The commenter notes that their verbal IQ and working memory are “pretty average” on other tests, but their score on verbal memory here is so high relative to other HumanBenchmark users that the system just gives it 100th percentile without discriminating further. (I know that it can’t literally be 100th percentile, as I and several other people I know have achieved higher scores.) A possible contributing factor is that HumanBenchmark users may tend to have less than long attention spans, inhibiting performance on this test, on which reaching one’s potential may take quite a while, especially for higher scorers.

Our correspondent also writes: “Like the verbal memory test in particular, I seem to be using a very different part of my brain compared to more typical tests like digit span. I’d also wager that most of the variation in working memory can be explained by chunking/processing abilities rather than raw storage capacity.” Of course, I don’t think it’s possible to determine by introspection which part(s) of the brain you’re using on a given task, but I think I understand the subjective experience described here. As for chunking/processing abilities versus raw storage capacity, I’m not sure what’s implied here. The human brain could be described as a massively parallel computer, and it naturally processes things in chunks. If “chunking” refers to purposely learnt mnemonics, such as the mnemonic major system, then Goodhart’s Law applies here because learnt skills lose their g-loading.

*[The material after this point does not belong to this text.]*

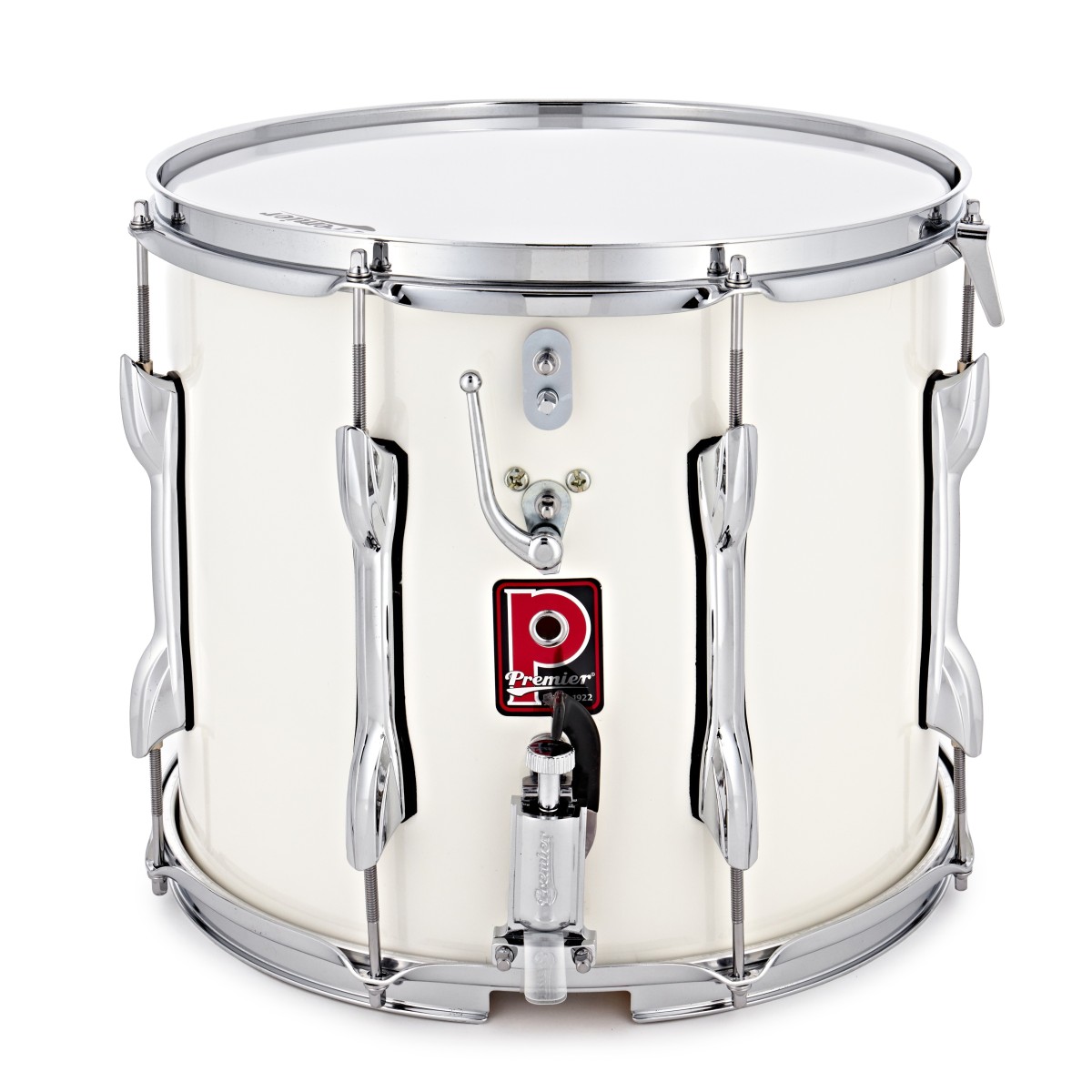 From brass bands to boy brigades, and even football crowds. The inclusion of a top snare mechanism adds to the 14" x 12" Traditional Marching Snares' versatility, ensuring it's suitable for a broad range of musical styles and marching disciplines. This can be thrown on or off to achieve unique crisp, bold tones when on the field. Boasting a stylish ivory white lacquer finish, its assembly makes it the perfect blend of heritage and technical innovation, keeping it well in traditional with Premier's values.

The commenter thus wonders about the continued meaning of their scores: “Also, what does the strength of the practice effect really say about a test? None of these tests really have a pattern or trick to them, yet for some of them my score has improved a lot from the first time I did them.” Unfortunately, without studies of these tests specifically, we can’t know the extent to which Goodhart’s Law applies. Even analyses of seemingly similar tests from mainstream psychometrics wouldn’t be insufficient, since the HumanBenchmark versions are subtly but crucially different. All I can say is that only someone of uncommonly high cognitive capacity could produce this score profile regardless of how much time they spent practicing, and that, with no indication of how rare your scores are compared to the general population, greater precision is currently almost meaningless.

Scores on the “Chimp Test,” or at least the version on HumanBenchmark, are also almost meaningless because unlimited time is allowed to review the digits’ locations before answering, making it less a test of visual working memory and more a test of how long the testee is willing to stare at boxes. Also, most people will probably on average score higher on the HumanBenchmark “Number Memory” test than on the clinical version of the Digit Span test, since the former presents the digits simultaneously and allows a few seconds to mentally review them, whereas, in the latter, each digit is read only once with no opportunity for review.

Finally, the subject’s strong performances on Typing and Aim Trainer make me suspect a background in competitive computer gaming.